In October 2011, Stanford University broke new ground by offering three free online computer science courses:
Curious, I signed up for all three of the courses, since I had never taken a course in any of these three subjects.
Because I was not enjoying the AI course and did not expect to find it so useful, I dropped it after completing all the assignments in the first week or two.
Here I report on the databases course. I will follow up with a report on the machine learning course.
Why did I take this online course?
For the record, the subject of databases is not inherently all that interesting to me.
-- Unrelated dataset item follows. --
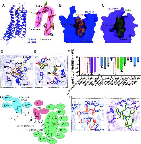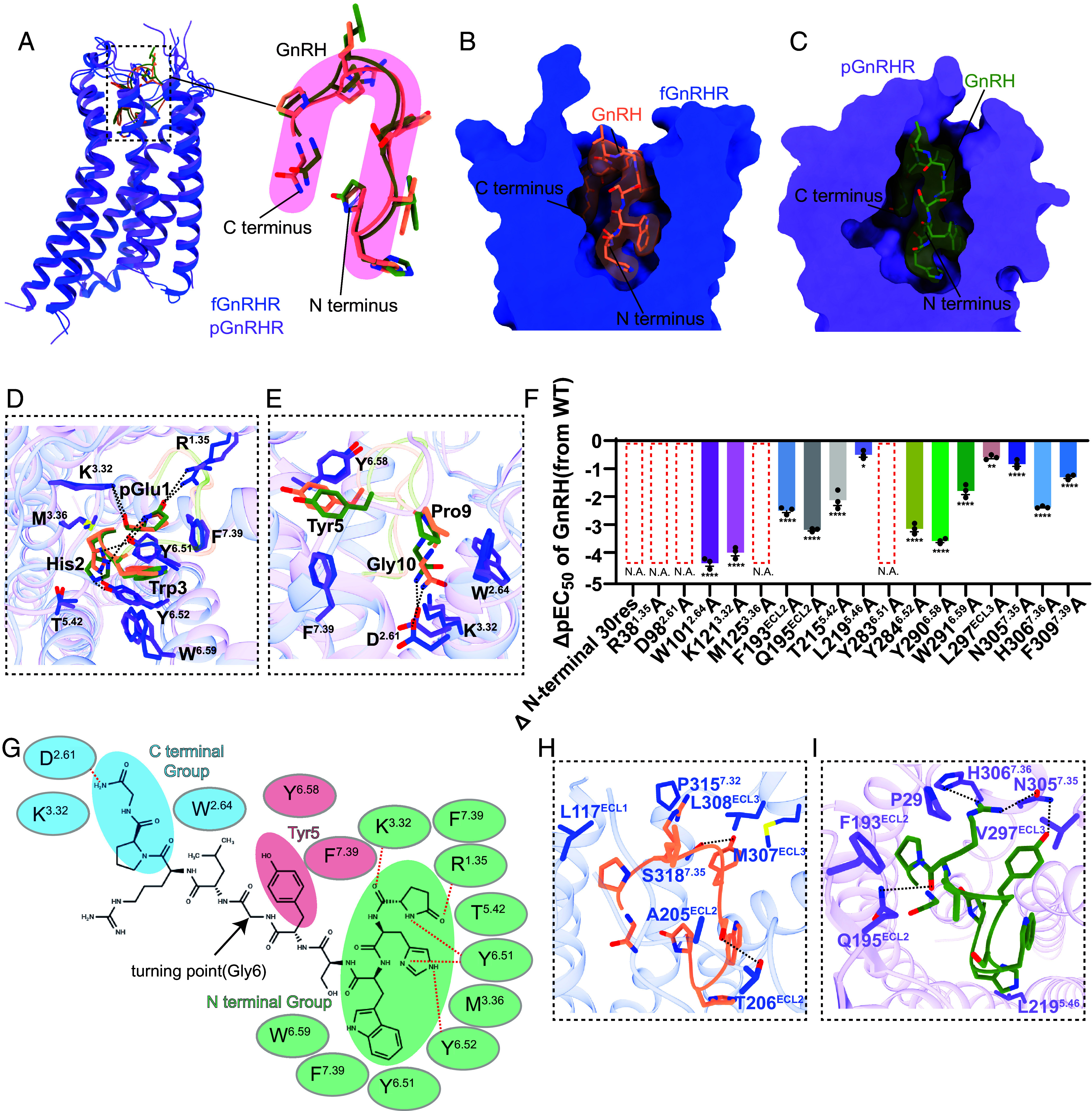 Fig. 2. The conserved binding pocket of GnRHs across GnRHRs. (A) The U-shaped conformation of GnRH within the binding pocket of GnRHRs. (B and C) Side view of similar binding modes of GnRH in fGnRHRs and pGnRHRs. Cryo-EM density maps of GnRH are shown in salmon and green, relatively. (D and E) Conserved interactions in the binding pocket across different GnRHRs. (F) The bar plot of ΔpEC50 of important residues in the binding pocket of hGnRHR. ΔpEC50 = pEC50 of GnRH to a specific mutant GnRHR–pEC50 of GnRH to WT GnRHR, which are all measured using IP1 accumulation assays. *P < 0.05; **P < 0.01; ***P < 0.001; ****P < 0.0001. Data were shown as mean ± SEM from three independent experiments, which were performed in triplicates; significance was determined with one-way ANOVA. N.A., no active receptors; dashed-border rectangles, inapplicable pEC50 of mutations causing significant reduction of ligand potency that were not able to be calculated. (G) 2D illustration of GnRH in the conserved binding pockets and corresponding interactions. (H and I) Species–specific interactions in the pockets of fGnRHRs and pGnRHRs, respectively. Side chains of residues are displayed in sticks. Hydrogen bonds are depicted as black dashed lines.

I took the databases course with the aim of efficiently filling in a gap in my formal education: I was not a computer science major and never took a single computer science course in college, and did not take a databases course in graduate school. I have always had the option, of course, of taking a databases course here at Carnegie Mellon University, or just reading and studying material on my own, but there have been two obvious reasons not to.
I did not take a databases course at Carnegie Mellon because I have taken courses here before and they are very time-consuming for someone who is working. Not only are there lectures and recitations at fixed times, but also a good amount of homework. I have never liked this format of learning, even when I was a full-time student. It always seemed inefficient, and cramming in a lot of detailed material into each course always left me feeling that I was not mastering everything anyway and was not going to retain it, if the subject was not something of primary interest or use to me. Therefore, I am pretty much done with taking traditional courses for learning. They are not an efficient use of my time or energy. What is efficient is intense learning and mastery of fundamentals and retaining them.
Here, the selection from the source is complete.